Data items:
=== Section Start ===

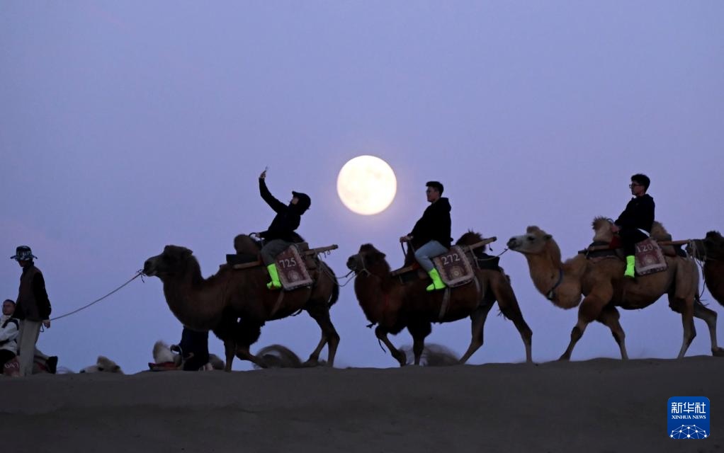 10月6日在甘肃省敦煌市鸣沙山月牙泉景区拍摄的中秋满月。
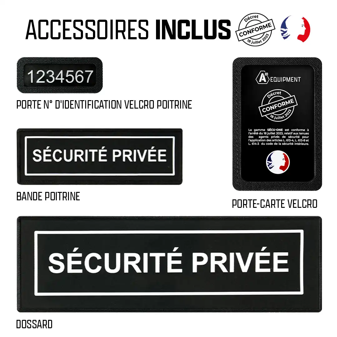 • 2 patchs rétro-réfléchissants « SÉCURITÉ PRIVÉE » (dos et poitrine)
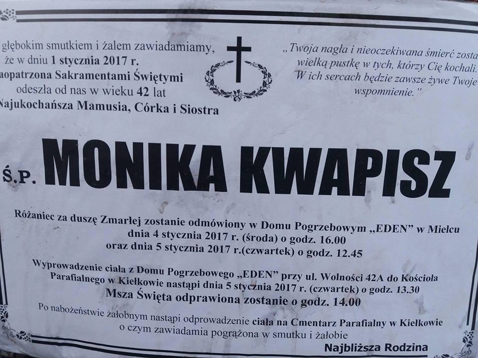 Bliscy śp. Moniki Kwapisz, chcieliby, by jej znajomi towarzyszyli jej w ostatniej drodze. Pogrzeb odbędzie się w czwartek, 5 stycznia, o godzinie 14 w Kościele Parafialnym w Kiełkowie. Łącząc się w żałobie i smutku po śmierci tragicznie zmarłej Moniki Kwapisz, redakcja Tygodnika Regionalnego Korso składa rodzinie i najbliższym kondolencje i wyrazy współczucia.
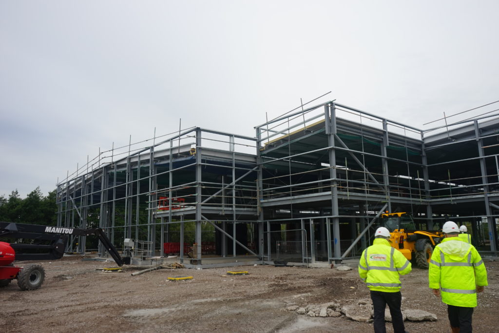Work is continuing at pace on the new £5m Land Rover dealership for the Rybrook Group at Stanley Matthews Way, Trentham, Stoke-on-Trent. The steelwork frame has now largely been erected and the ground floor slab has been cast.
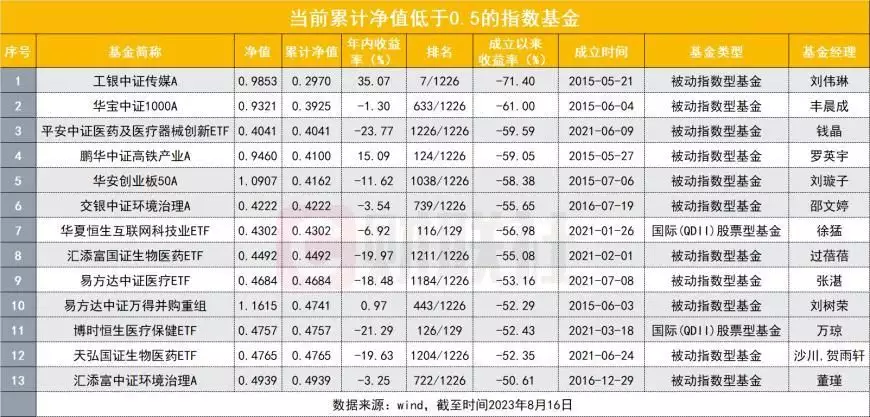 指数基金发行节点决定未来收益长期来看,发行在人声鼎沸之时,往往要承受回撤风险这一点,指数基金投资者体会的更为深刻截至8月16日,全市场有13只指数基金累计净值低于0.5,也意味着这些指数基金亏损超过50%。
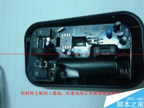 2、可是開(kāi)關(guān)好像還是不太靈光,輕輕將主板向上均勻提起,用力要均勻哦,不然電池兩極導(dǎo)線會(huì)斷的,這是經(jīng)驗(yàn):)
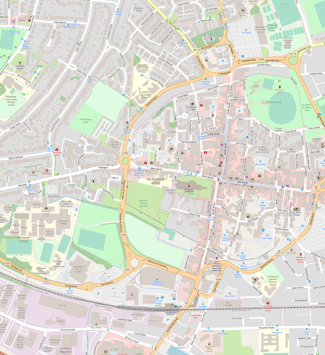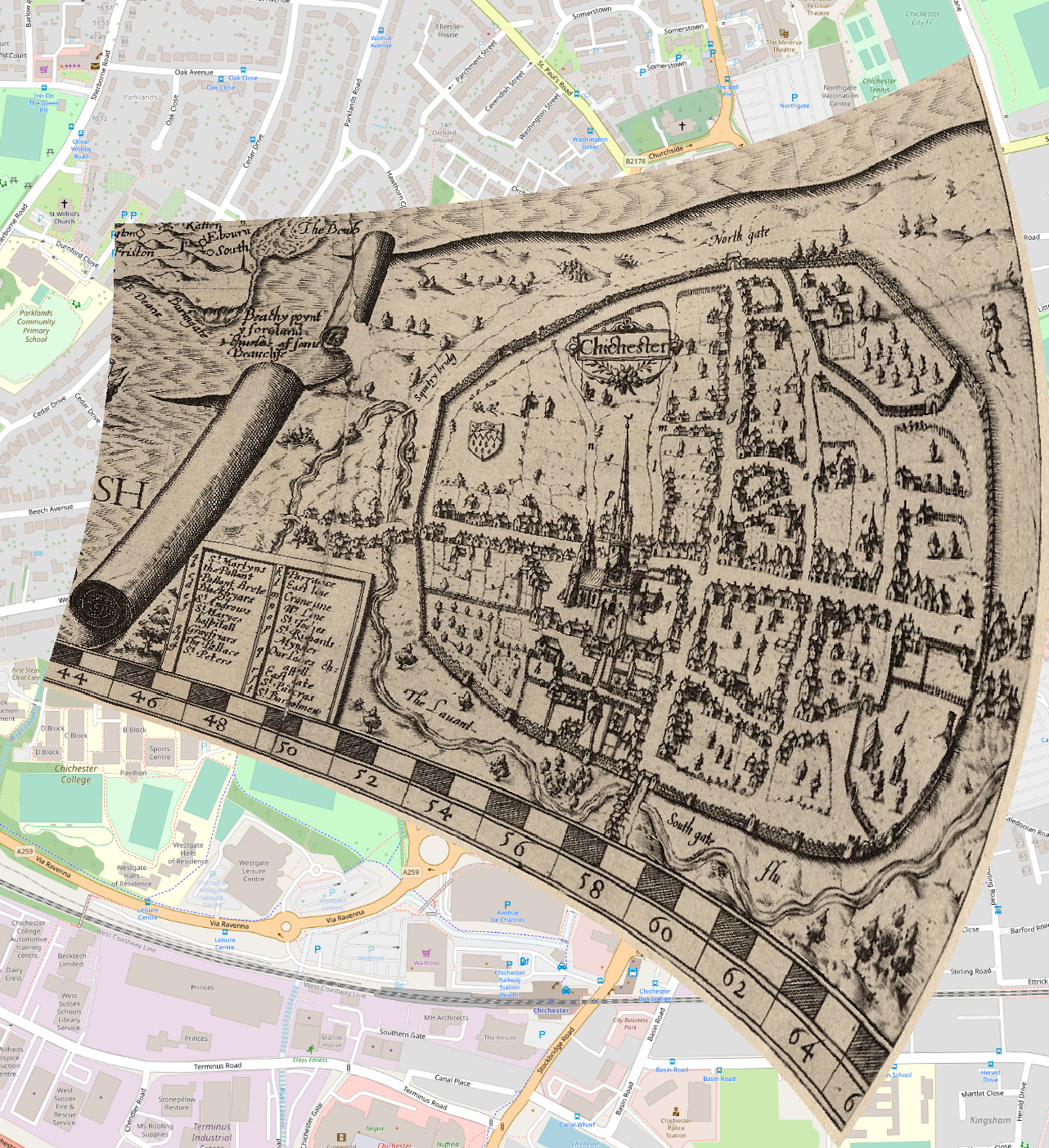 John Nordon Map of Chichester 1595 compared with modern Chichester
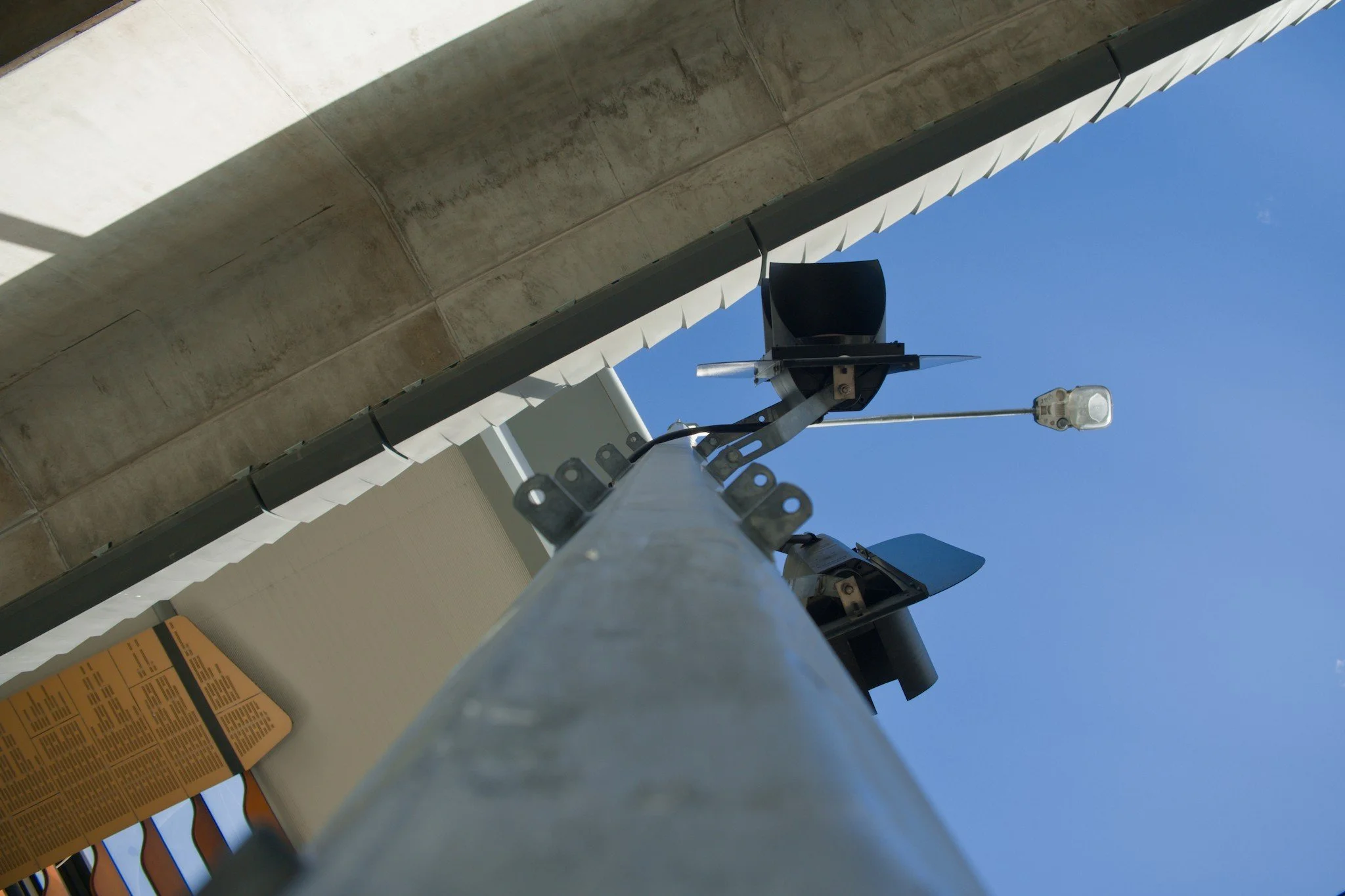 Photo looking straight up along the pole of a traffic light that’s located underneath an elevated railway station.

=== Section End ===

Exact repeats of the lines from the first one in the data through the line containing "Bliscy śp. Moniki" make up the answer. Pictures do not.

 10月6日在甘肃省敦煌市鸣沙山月牙泉景区拍摄的中秋满月。
 • 2 patchs rétro-réfléchissants « SÉCURITÉ PRIVÉE » (dos et poitrine)
 Bliscy śp. Moniki Kwapisz, chcieliby, by jej znajomi towarzyszyli jej w ostatniej drodze. Pogrzeb odbędzie się w czwartek, 5 stycznia, o godzinie 14 w Kościele Parafialnym w Kiełkowie. Łącząc się w żałobie i smutku po śmierci tragicznie zmarłej Moniki Kwapisz, redakcja Tygodnika Regionalnego Korso składa rodzinie i najbliższym kondolencje i wyrazy współczucia.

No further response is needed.